Per le misurazioni dell'illuminamento nei luoghi di lavoro, sulle strade e nelle aree comuni, il luxmetro deve essere adattato alla sensibilità spettrale della luminosità dell'occhio umano e deve valutare correttamente anche la luce incidente obliqua. Se l'illuminamento non è sufficiente in tutti i punti, è possibile utilizzare il luxmetro portatile in modo rapido e semplice per verificare diverse alternative. In alcuni casi, è possibile determinare direttamente sul posto se è possibile ottenere condizioni di illuminazione sufficienti sostituendo le lampade con potenze più elevate o installando apparecchi aggiuntivi.
Non si tratta sempre di rispettare i valori minimi, ma in alcune aree è necessario utilizzare in modo selettivo diversi livelli di illuminazione. Questo vale, ad esempio, per l'illuminazione degli ambienti negli ospedali e nelle case di cura, ma anche per l'illuminazione delle coltivazioni vegetali e degli allevamenti nelle aziende agricole. In altri settori, l'obiettivo è quello di abbassare i valori massimi perché la luce è indesiderabile in alcuni processi, in quanto riduce la durata di vita di alcune sostanze o provoca altre reazioni indesiderate.
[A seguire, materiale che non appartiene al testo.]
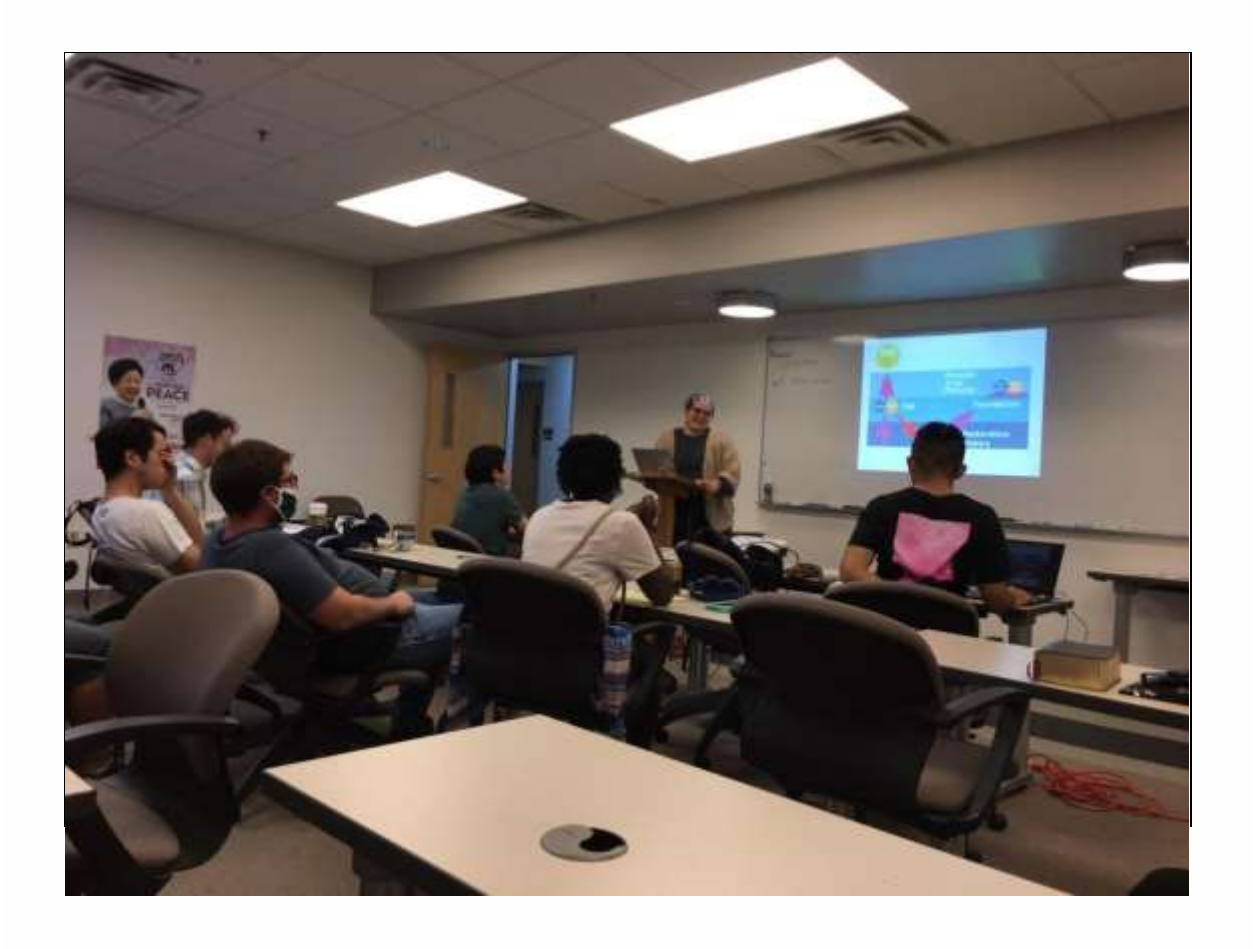
CARP: North Lake

The Dallas YAM group organized their first Trivia Night and young adults from around the subregion joined in on the fun (and educational) event.
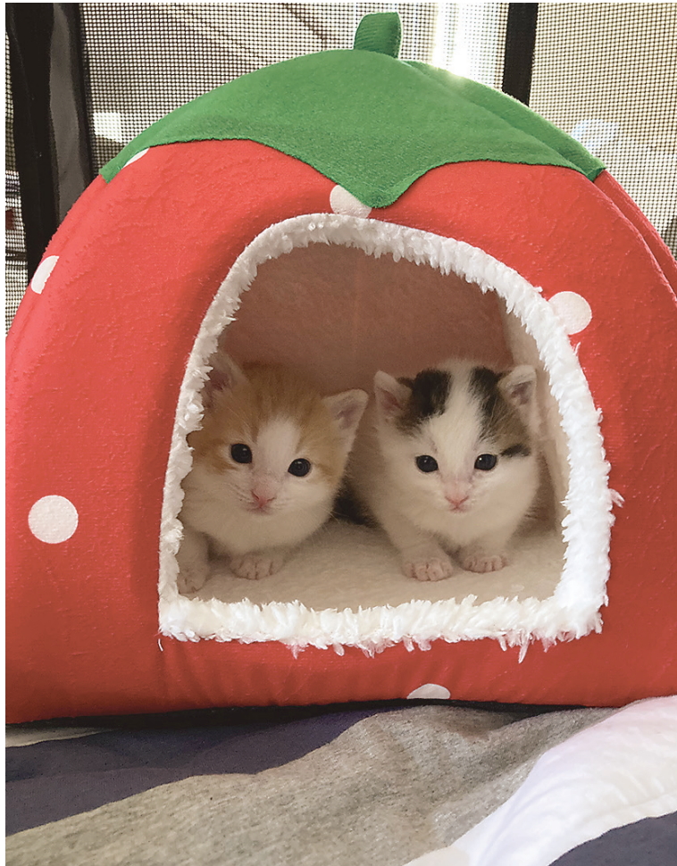
Morris (left) and Blitz find a cozy spot while in foster care in Alexandria. Kittens often stay in foster homes for special care before moving back to the AWLA shelter for adoption.

For Bentley, Cupid, Morris and Blitz, care provided by the foster "parents" must have felt almost as nice as the real thing. In the early days, Bentley and Cupid lived in a basket loaded with blankets and
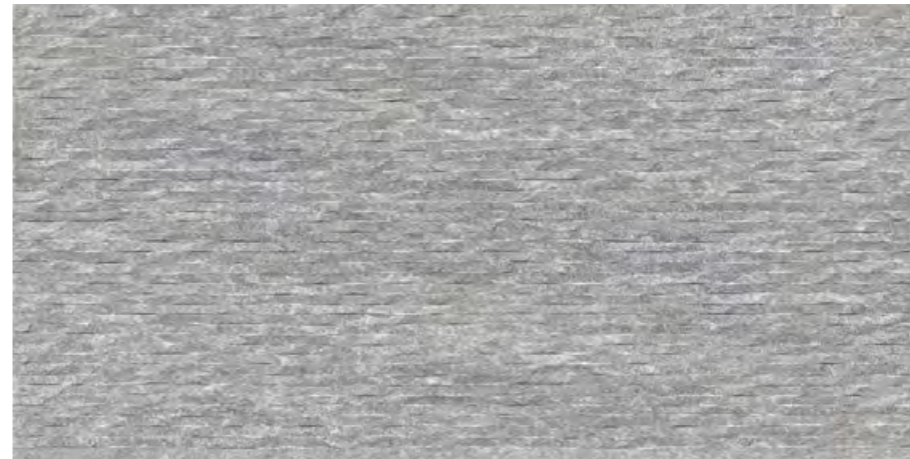
60x120 - 23 5/8 "x47 1/4 " EKW8 Sky Blue 8 patterns

L'illuminazione delle sale ricreative convenzionali viene controllata con un luxmetro portatile solo quando c'è un motivo specifico per farlo. Nelle aree in cui una luce troppo debole o eccessiva può causare danni, o in cui solo una gamma strettamente limitata di valori di illuminamento porta a risultati ottimali, i luxmetri a installazione fissa vengono utilizzati per la misurazione continua della luce. Questo vale, ad esempio, per i laboratori fotografici e per alcune strutture per la produzione di alimenti e farmaci o per la coltivazione di piante. Questo tipo di luxmetro fisso è solitamente dotato di uscite a relè o di controllo attraverso le quali può commutare le fonti di luce artificiale o i sistemi di ombreggiamento, oppure può attivare allarmi visivi o acustici all'esterno dell'area interessata quando viene superato il valore limite.
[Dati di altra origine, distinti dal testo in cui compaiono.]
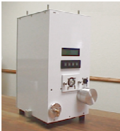
NGN-3 PM 2.5 Size-Cut and Heated Nephelometer
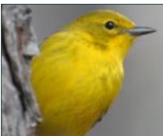
Pine Warbler gray on head, eye ring
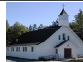
St. Bernardine Church - Skead 75 Years: 1947 - 2022
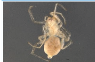
[Dorsal] Clubiona canadensis BIN URI: BOLD:AAB2563
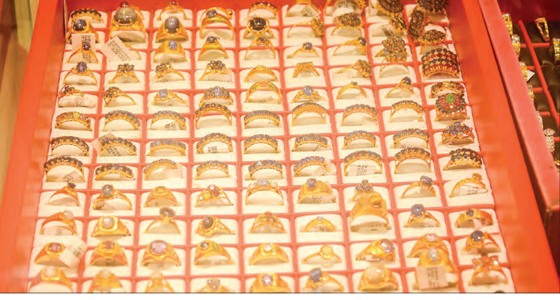
Currently, the pure gold price is about K1,793,000 per tical (0.578 ounce or 0.016 kilogramme) on 16 December in the domestic market while global gold price touches a high of above US$ 1,781 per ounce. Further, the dollar to kyat exchange rate was at K1,780 per dollar on 16 December.

"Now, our Myanmar gold market is operating as usual and the raw materials are also supplied from gold mining. When all the shops are reopened, the old gold scraps will be come back as raw materials. About 50 visses of gold are back to the shops as old gold scraps daily. Those old gold scraps are refined into pure gold bars and then about 50 visses of gold are resold in the market dai-
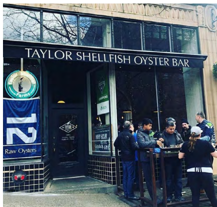
Fig 4 -- Taylor Shellfish distributes its fresh shellfish via eight of its own retail restaurants in the Northwest USA, China and South America. It also supplies hundreds of other restaurants and wholesalers worldwide via overnight deliveries.

Taylor operates eight retail restaurants and clam bars (fig 4) in Washington state, China, and South America. The firm supplies about 200 other restaurants in Washington and Oregon, as well as hundreds of others throughout the world via overnight deliveries. Taylor is one of the largest volume shippers in the Northwest, shipping the bulk of its production to Asian markets where it fetches top dollar.
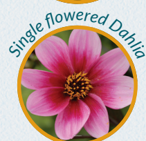
Single flowered Dahlia
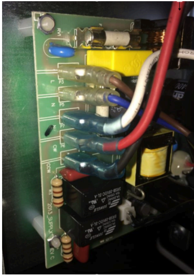
The MCB is pictured - check each cable connected to the MCB for damage and a secure connection.

7. If the issue persists after replacing the MCB, order an Incline Motor [12731.J] .
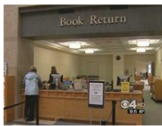
1 of 1 Click to enlarge

DENVER (CBS4) — The Denver Public Library is dealing with a problem usually found in homes or hotels. They say a customer returned books infested with bedbugs.
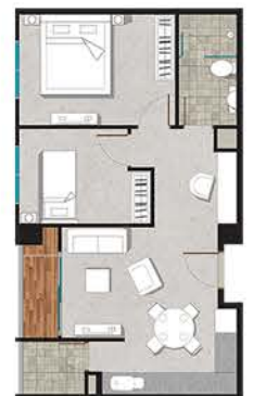
No. 05 & 11 - 2 Bedroom Semi-gross : 69.50 sqm
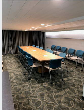
Lower Level Conference Room
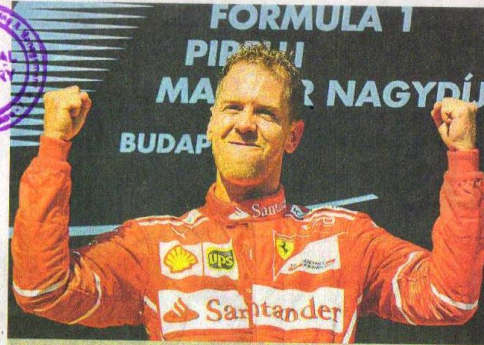
Vettel wins thriller in Hungarian GP

Mangaluru, Monday July 31, 2017 Pages 18 Vol 20 No 211 ₹6.00 M www.deccanherald.com
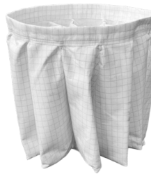
ANT M Antistatic filter (M class EN 60335-2-69)
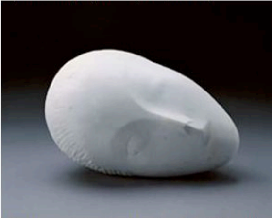
Figure 1: Sleeping Muse (1909, marble)

http://www.tate.org.uk/modern/exhibitions/brancusi/
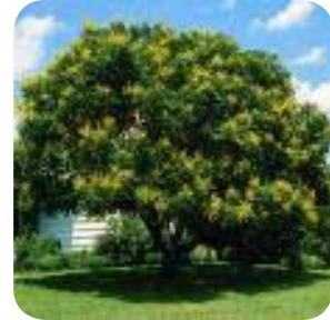
Koelreuteria paniculata Golden Rain Tree

Range di misura e precisione di un luxmetro
A seconda dell'attività di misurazione, quando si confrontano i diversi luxmetri, occorre considerare non solo il valore limite superiore, ma anche il valore limite inferiore del range di misura. Più ampio è il range di misura, più numerose sono le applicazioni possibili. Se il luxmetro viene utilizzato solo per verificare la situazione dell'illuminazione in aree interne normali, un range di misura fino a 2000 lux o 10.000 lux è di solito sufficiente. Per le misurazioni nei luoghi di lavoro in cui è necessaria molta luce e all'aperto, dove è necessario registrare correttamente anche gli elevati livelli di illuminamento dovuti alla luce solare, il range di misura dovrebbe essere esteso ad almeno 100.000 lux.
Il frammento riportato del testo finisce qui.